Peter Walker talked about his experiences as the co-designer of “Reflecting Absence,” the National September 11 Memorial design at the site of the fallen World Trade Center in New York City, during his Feb. 22 appearance at the 37th annual Aggie Workshop.
Walker, a fellow in the American Society of Landscape Architects (ASLA) and one of the most lauded names in landscape architecture, was the keynote speaker at the two-day event, hosted by Texas A&M University’s student chapter of the American Society of Landscape Architects.
“An awful lot of this work has been about a feeling of reverence,” he said about the design.
Walker said he was in Europe when the jury for the memorial design contest asked to see him and his co-designer Michael Arad. He hurriedly caught a flight to New York and met Arad, with whom he’d worked on projects before.
“I hadn’t met Michael face to face,” he said. “We’d always worked by fax.”
After the jury named Walker and Arad the winners of the competition, Walker said he traveled to Europe to see how he could incorporate design ideas from European tree gardens at the Sept. 11 site. Also, since the memorial will be open around the clock, he said he had to pay special attention to what the memorial will look like at night as well.
Walker’s design calls for 300 oak trees in an eight-acre Memorial Plaza that the contest jury said, “will create a contemplative space separate from the sights and sounds of the surrounding city. The design is unique in its use of ecological considerations which exceed sustainability standards.”
As the work on the site continues, Walker said he and Arad face enormous pressure from all sides.
“It’s exasperating to try to hold this (his design) in place,” he said, noting the pressures from the mayor’s office, governor’s office, the port authority, families of the deceased, and groups representing the firefighters and police officers, among others.
“But every September 11, the tape of the airplanes crashing into the buildings plays over and over, and you remember what you’re working on and why you’re working on it.”

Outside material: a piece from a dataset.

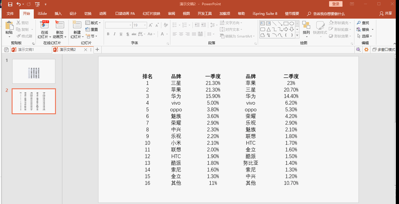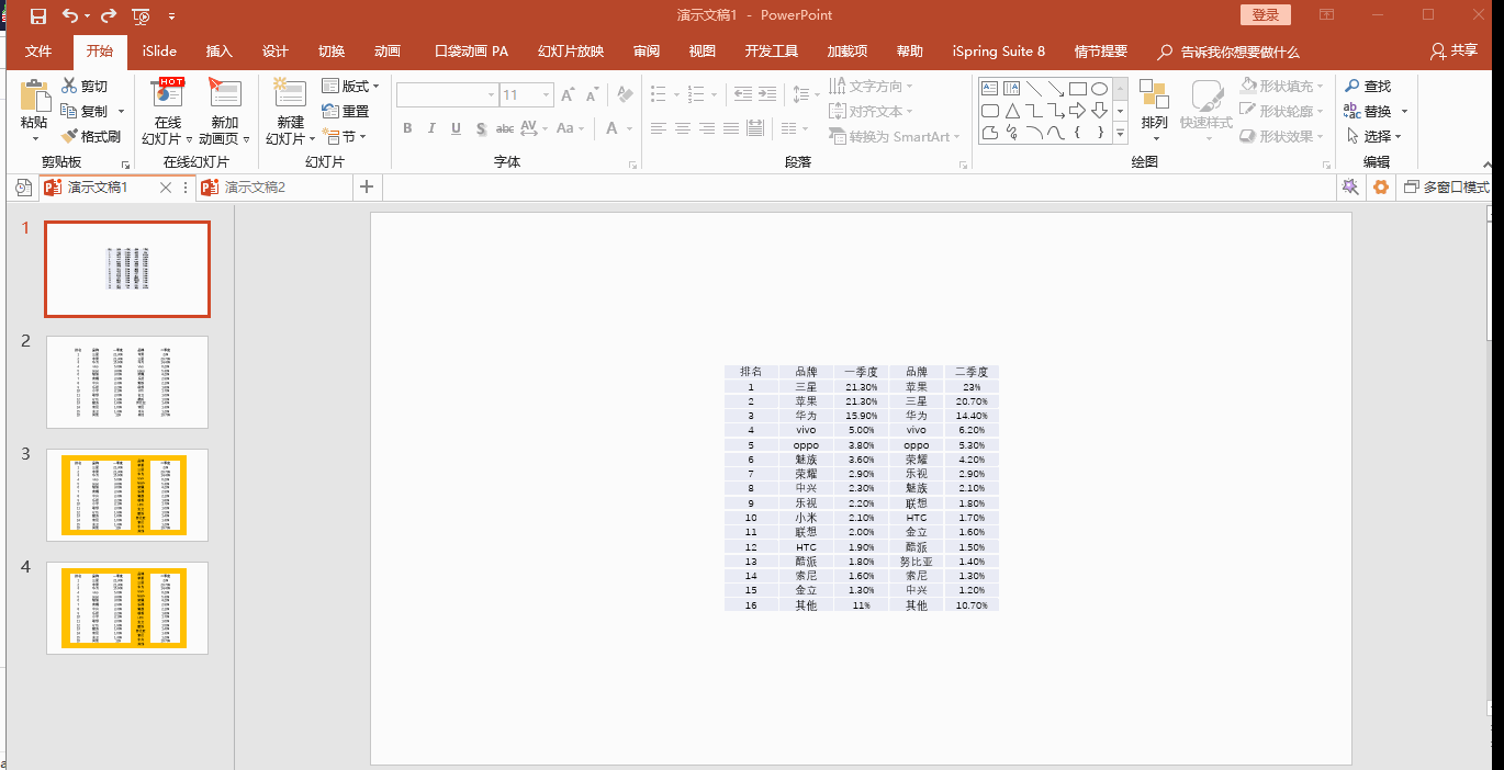 比如说:现在有这么一个表格,我给它粘贴到PPT里

The workshop offered students a chance to hear from Walker and other nationally acclaimed landscape architects and get a taste of what it’s “really like” once they begin working in the field.
The Aggie Workshop, which took place at the Texas A&M College of Architecture’s Langford Architecture Center, explored landscape architects’ accomplishments and revealed innovative opportunities and available career paths.
Other speakers included Ed Garza ’92 of EDAW, Dwain Scott of the U.S. Army Corps of Engineers and Jean Kavanaugh, past Texas president of the American Society of Landscape Architects.
Rounding out the two-day conference were two discussion panels, one with recently graduated landscape architecture students at A&M and another featuring established professionals in the field.